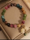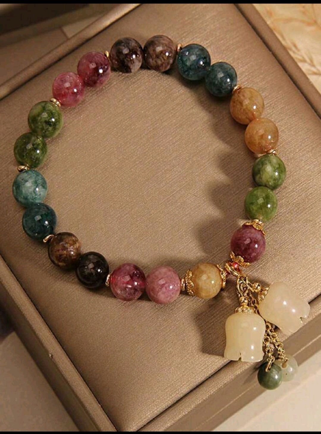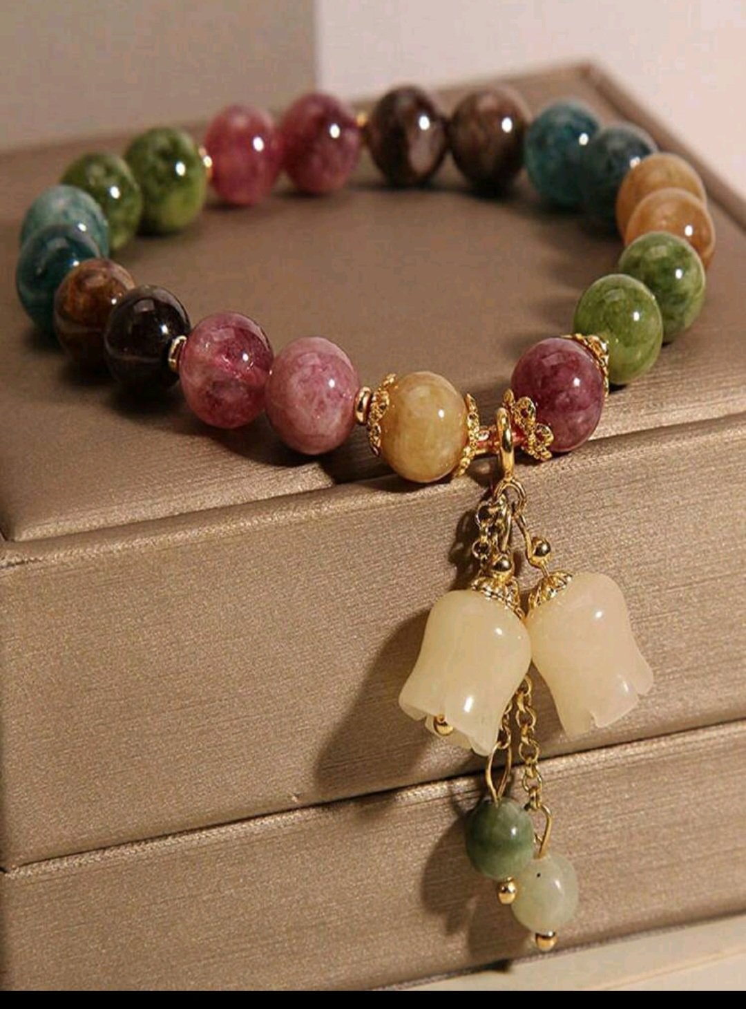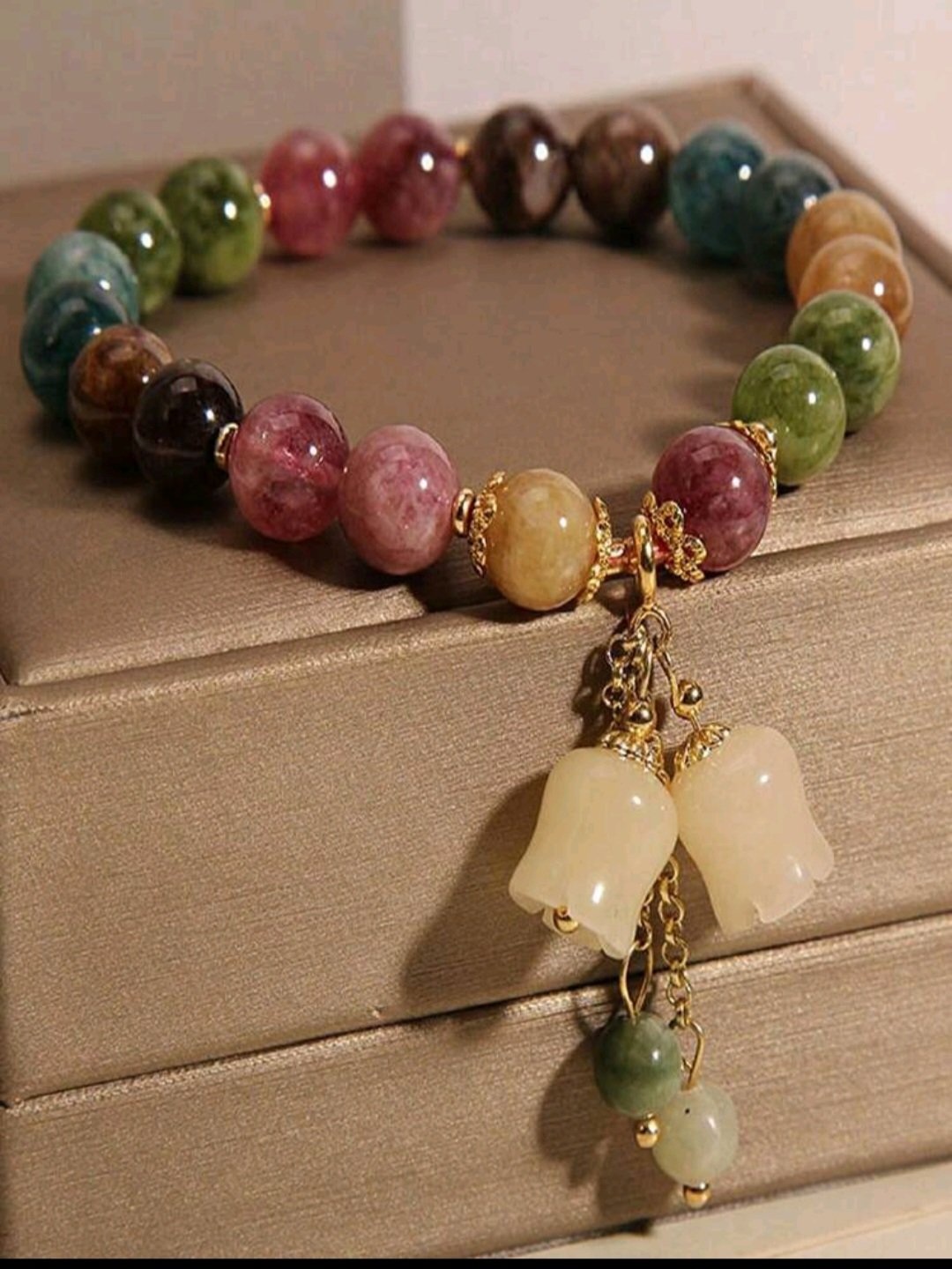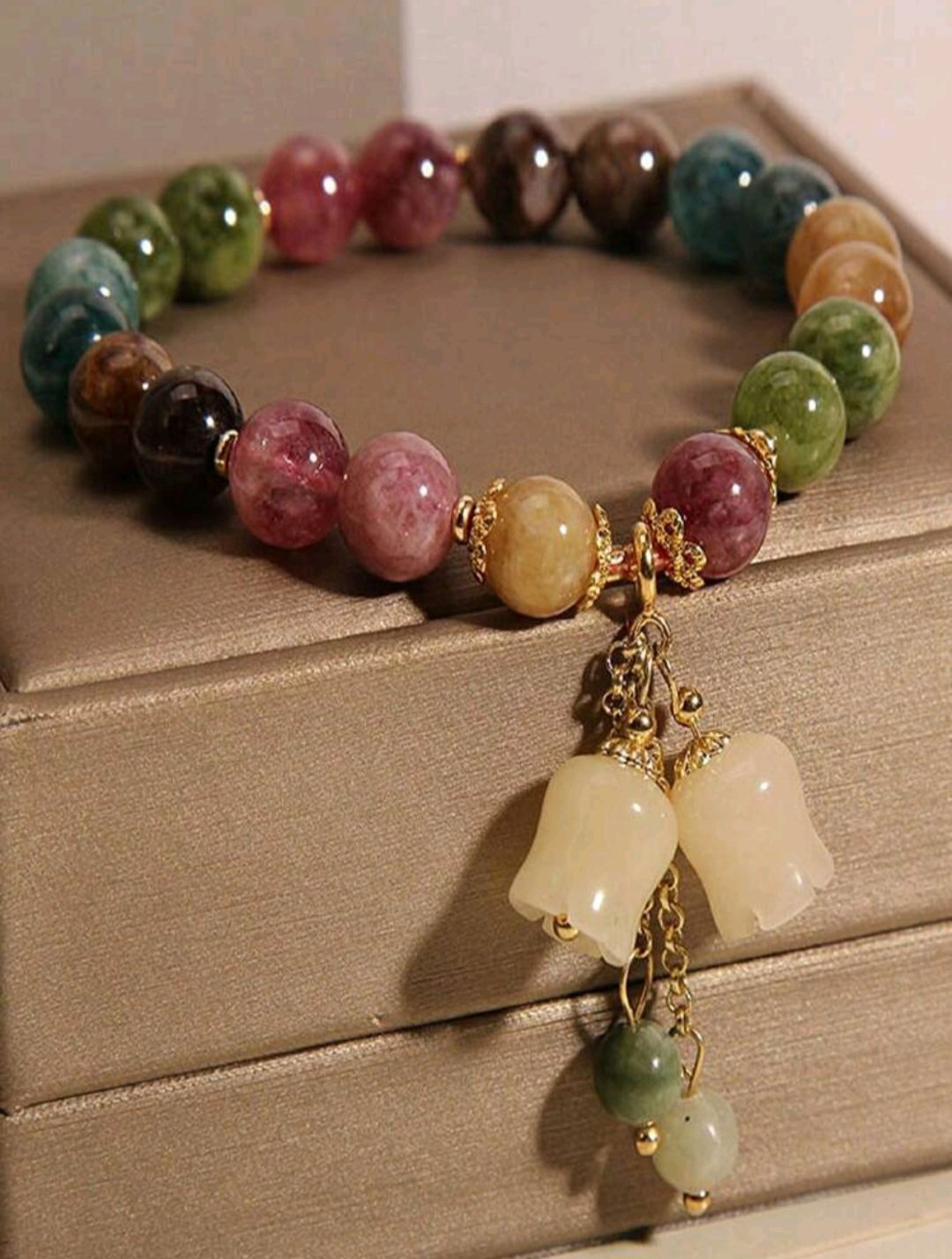1pc Natural Multi-Colored Aquamarine Stone Bracelet With Bellflower Pendant For Women, Gift For Girlfriend Or Bestie
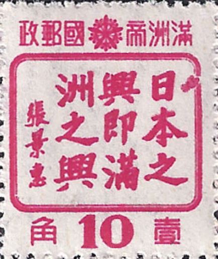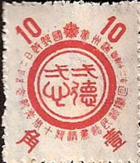 1945. El último sello emitido en la historia de Manchukuo fue en mayo del mismo año de su desaparición. Conmemora el décimo aniversario del Decreto Imperial publicado por Puyi. La frase contenida en el círculo dice: “Una virtud, un alma”, proclamando y promoviendo la (inexistente) unidad entre los habitantes de Manchukuo.
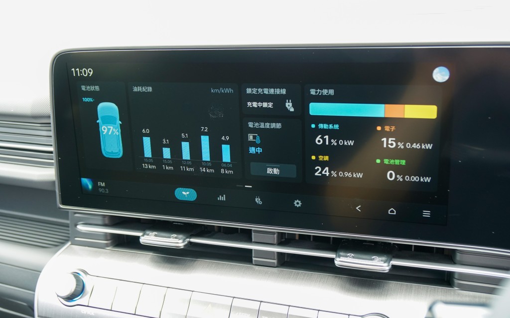 全新Kona EV體積比上代略大,時尚造型延續車系流麗躍動氣息,風阻只有0.27 Cd。一體式Pixel像素化特質從無縫LED頭燈延伸至前后泵把飾件及尾燈,試車還選配19吋Pixel款式鋁合金輪圈(稅前另加$8,800),觀感更悅目?,F代化車廂設計精美,軸距加長60 mm至2,660mm提升前后排腿部空間。標準設備豐富,包括環保皮革座椅與電動冷暖前座、多功能皮軚環、12.3吋觸控顯示屏及12.3吋數碼儀錶板、Connected Car Navigation Cockpit(ccNC)影音娛樂作業系統支援Apple CarPlay、恆溫冷氣連后排風口、電動天窗、USB-C及手機無線充電、220V英式電源插座、全景泊車鏡頭及全套SmartSense主動安全科技等。試車還升級至車內舒適套裝(稅前另加$9,800),座椅以真皮絨面包裹,前與后座分別增設記憶和電暖功能。另尾箱空間也擴大30%至466升,摺疊后座椅可倍增至1,300升,提升實用性。
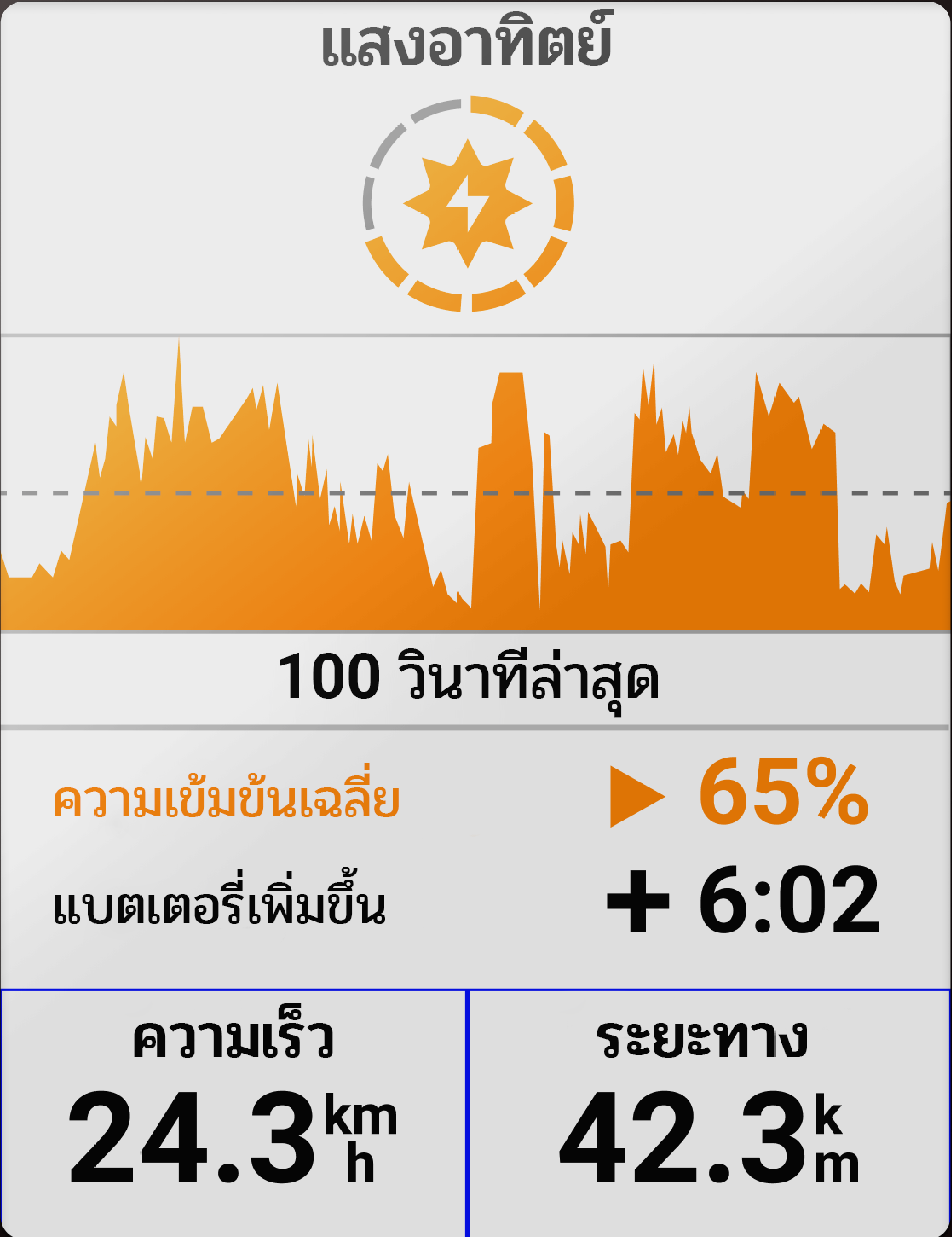 หน้าข้อมูลโซลาร์ไฮไลท์ความเข้มข้นของสภาพแสงปัจจุบันและเวลาการปั่นสะสมที่ได้จากพลังงานแสงอาทิตย์ การคำนึงถึงการใช้งานปัจจุบันและการใช้แบตเตอรี่ของอุปกรณ์
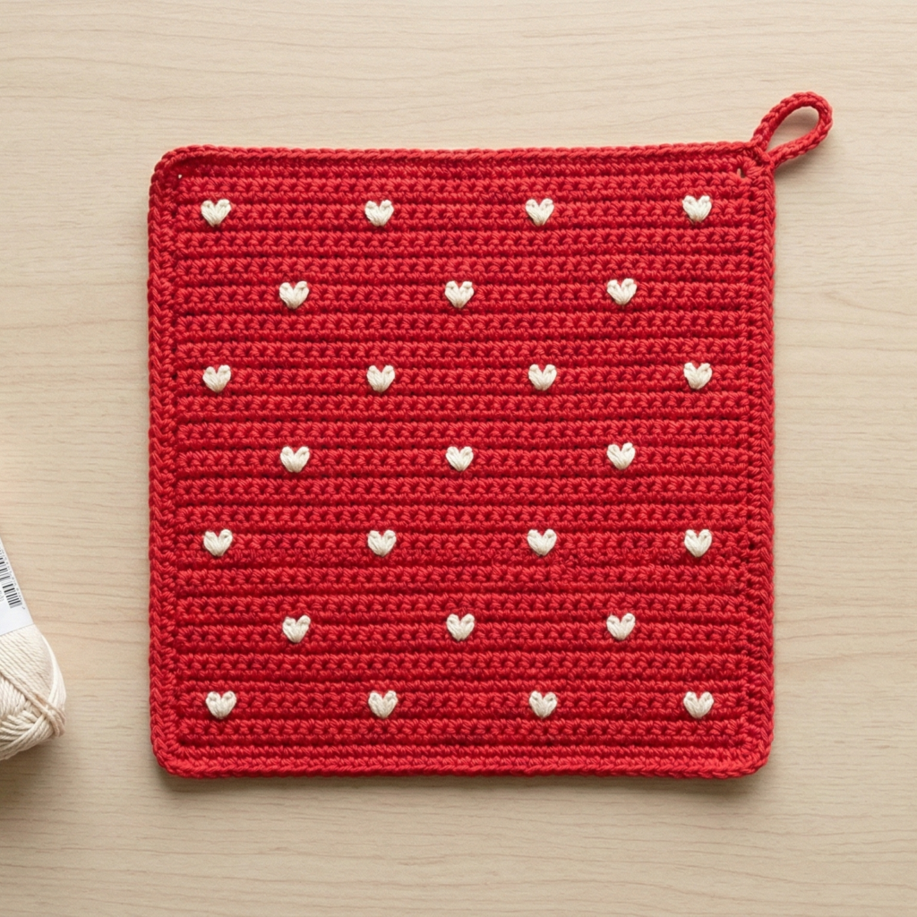 8. Crochet Tiny Hearts Pot Holder Pattern
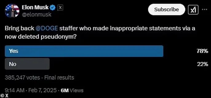 在埃莱兹辞职的数小时后,马斯克在社交媒体X上发起投票,询问公众是否应让他回归DOGE。
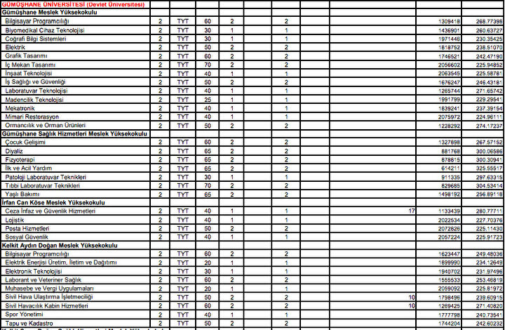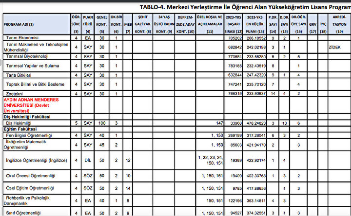 YKS AYT İle Öğrenci Alan Yükseköğretim Lisans Programları taban puanları, başarı sıralaması

____________

# PROBLEM TO SOLVE
Your response must reproduce every line of the data exactly, with images omitted.

# SOLUTION FOR THIS TASK
1pc Natural Multi-Colored Aquamarine Stone Bracelet With Bellflower Pendant For Women, Gift For Girlfriend Or Bestie
 1945. El último sello emitido en la historia de Manchukuo fue en mayo del mismo año de su desaparición. Conmemora el décimo aniversario del Decreto Imperial publicado por Puyi. La frase contenida en el círculo dice: “Una virtud, un alma”, proclamando y promoviendo la (inexistente) unidad entre los habitantes de Manchukuo.
 全新Kona EV體積比上代略大,時尚造型延續車系流麗躍動氣息,風阻只有0.27 Cd。一體式Pixel像素化特質從無縫LED頭燈延伸至前后泵把飾件及尾燈,試車還選配19吋Pixel款式鋁合金輪圈(稅前另加$8,800),觀感更悅目?,F代化車廂設計精美,軸距加長60 mm至2,660mm提升前后排腿部空間。標準設備豐富,包括環保皮革座椅與電動冷暖前座、多功能皮軚環、12.3吋觸控顯示屏及12.3吋數碼儀錶板、Connected Car Navigation Cockpit(ccNC)影音娛樂作業系統支援Apple CarPlay、恆溫冷氣連后排風口、電動天窗、USB-C及手機無線充電、220V英式電源插座、全景泊車鏡頭及全套SmartSense主動安全科技等。試車還升級至車內舒適套裝(稅前另加$9,800),座椅以真皮絨面包裹,前與后座分別增設記憶和電暖功能。另尾箱空間也擴大30%至466升,摺疊后座椅可倍增至1,300升,提升實用性。
 หน้าข้อมูลโซลาร์ไฮไลท์ความเข้มข้นของสภาพแสงปัจจุบันและเวลาการปั่นสะสมที่ได้จากพลังงานแสงอาทิตย์ การคำนึงถึงการใช้งานปัจจุบันและการใช้แบตเตอรี่ของอุปกรณ์
 8. Crochet Tiny Hearts Pot Holder Pattern
 在埃莱兹辞职的数小时后,马斯克在社交媒体X上发起投票,询问公众是否应让他回归DOGE。
 YKS AYT İle Öğrenci Alan Yükseköğretim Lisans Programları taban puanları, başarı sıralaması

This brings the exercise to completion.